Re: Questions about the patch 054aa8d439b9 ("fget: check that the fd still exists after getting a ref to it")

From: Jann Horn
Date: Mon Jan 10 2022 - 04:09:59 EST


On Wed, Dec 22, 2021 at 11:32 AM libaokun (A) <libaokun1@xxxxxxxxxx> wrote:
> > From: Linus Torvalds <torvalds@xxxxxxxxxxxxxxxxxxxx>
> > Date: Wed, 1 Dec 2021 10:06:14 -0800
> > Subject: fget: check that the fd still exists after getting a ref to it
> >
> > Jann Horn points out that there is another possible race wrt Unix domain
> > socket garbage collection, somewhat reminiscent of the one fixed in
> > commit cbcf01128d0a ("af_unix: fix garbage collect vs MSG_PEEK").
> >
> > See the extended comment about the garbage collection requirements added
> > to unix_peek_fds() by that commit for details.
> >
> > The race comes from how we can locklessly look up a file descriptor just
> > as it is in the process of being closed, and with the right artificial
> > timing (Jann added a few strategic 'mdelay(500)' calls to do that), the
> > Unix domain socket garbage collector could see the reference count
> > decrement of the close() happen before fget() took its reference to the
> > file and the file was attached onto a new file descriptor.
>
> I analyzed this CVE and tried to reproduce it.
>
> I guess he triggered it like the stack below.
>
>
> close_fd |
> pick_file |
> | __fget_files
> file = files_lookup_fd_rcu(files, fd); |
> |
> rcu_assign_pointer(fdt->fd[fd], NULL);
> filp_close |
> fput |
> | get_file_rcu_many // ned ref>=1
> fput_many(file, 1); |
> file_free(file); |
> | return file
> | // read-after-free

The race is more complicated than that; you also need to add unix_gc()
to the race. And if you want to get to memory corruption, you need one
or two more races involving unix_stream_read_generic() on top of that.
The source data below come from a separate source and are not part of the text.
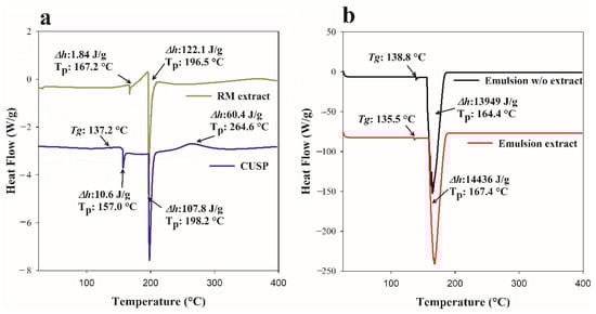 The emulsion, whether containing the extract or not, displayed a Tg very close to that of the protein, indicating an effect of CUSP on the formulation (Figure 5b). Both emulsions exhibited a single endothermic event. This event occurred at a higher temperature and with greater enthalpy in the emulsion that contained the extract, indicating better thermal stability. The DSC curve for the emulsion containing the extract did not show the typical endothermic peak associated with the extract itself (Figure 5a). This observation suggests that the extract has been effectively encapsulated within the emulsion droplets. Such findings may indicate a robust interaction between the CUSP and the core material, further corroborated by the high entrapment efficiency (Section 3.4). Consequently, the interactions among the various components contributed to the emergence of new endothermic peaks in the thermal profile (Figure 5b). Indeed, the interactions or formations of complexes may be discerned through the analysis of both the intensity (enthalpy) and the expansion of the endothermic peak relative to the other components present in the formulation []. The research findings suggest that CUSP functions as an emulsifier, imparting thermal stability to compounds with significant biological value. Consequently, it serves as an effective alternative to plant-based protein for preserving heat-sensitive compounds.
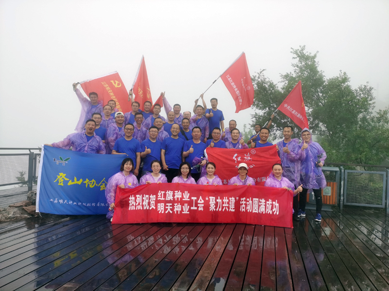 為進(jìn)一步增進(jìn)與兄弟單位的深厚友誼,會(huì)后,雙方工會(huì)開展“聚力共建、攀登紫金”的主題登山活動(dòng)。途中偶遇瓢潑大雨,大家面對(duì)困境,不畏艱辛,互幫互助,堅(jiān)持登頂,共同合影留念。“紅旗明天更美好、明天紅旗更鮮艷”成為響亮的共建口號(hào)。汗水與雨水的融合,完美的詮釋了紅旗種業(yè)、明天種業(yè)的企業(yè)文化,體現(xiàn)出種業(yè)人艱苦奮斗、勇攀高峰的精神面貌。
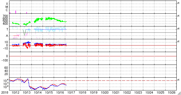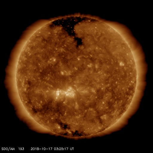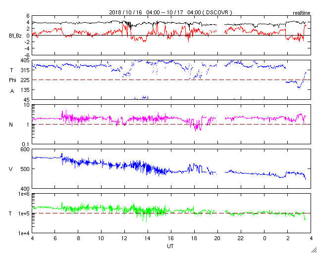 2018/10/17 12:41 更新 高速太陽風は終わりかけています。太陽に小さい黒点が見えています。 担当 篠原 太陽風の速度は、ゆっくりと下がって、 昨夜遅くに500km/秒を割り、 現在は470km/秒とやや高速になっています。 磁場強度も、3〜4nTとやや弱くなっています。 太陽風速度の高まりは、終わりに近付いています。 27日周期の図を見ると、 前周期よりも1日くらい長く続いた様です。 太陽風磁場の南北成分は、 0nT付近か、弱い北寄りの傾向です。 磁気圏はだいぶ静かになっていて、 AE指数は、小さい変化が数回起きている程度です。 SDO衛星AIA193の太陽コロナ写真では、 コロナホールが、北極から中緯度にかけて細く伸びています。 前周期は、9月22日から2日程度、 太陽風に影響が見られました。 今回はどうなるでしょうか。 始まりは、10月19日か、20日くらいになりそうです。 太陽は、南半球の2725黒点群に、 小さい黒点が見えている様です。 ![]() SDO衛星のAIA193カメラによる太陽コロナの様子 (c) SDO (NASA) ![]() SDO衛星による太陽の可視光写真。マウスの矢印を写真に重ねると、黒点番号付きの写真に切り替わります。 (c) SDO (NASA) ![]() DSCOVRが観測した太陽風の磁場(1番上の枠、黒線は全体の強度、赤線は南北成分) および、太陽風の密度(3番目の紫線)、速度(4番目の青線) (c) データ:NOAA/SWPC、作図:宇宙天気ニュース ![]() AE指数(速報値) 下段のAEグラフの値が高くなると、オーロラ活動が活発化しています。 (c) 京都大学WDC ![]() ![]() 27日の太陽周期に合わせたデータプロット 太陽が同じ面を地球に向けていた27日前の変化から、今後を予想することができます。 (c) 作図:宇宙天気ニュース
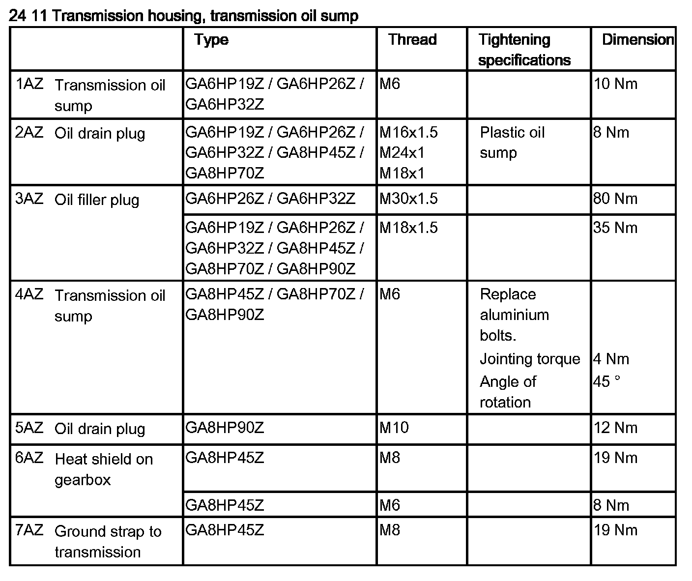 24 11 014 Removing And Installing/Sealing Or Replacing Transmission Oil Sump (GA8HP45Z)

> If you want to successfully execute the get_file_rcu_many function,
>
> the reference counting of the file is greater than or equal to 1 and
>
> is greater than or equal to 2 after the execution.
>
> However, close releases only one reference count and does not release
> the file,
>
> so read-after-free does not occur. So how is the race triggered here?

This bug does not lead to a UAF of the file, it leads to a locking
inconsistency between the unix stream read path and the GC.

> The question has been pondered for a long time without any results.
>
> Could I get more details (e.g. reproduction methods or stacks) from you ?

See https://bugs.chromium.org/p/project-zero/issues/detail?id=2247 for
the original bug report. I'm also working on a more detailed blog
post, but that isn't finished yet.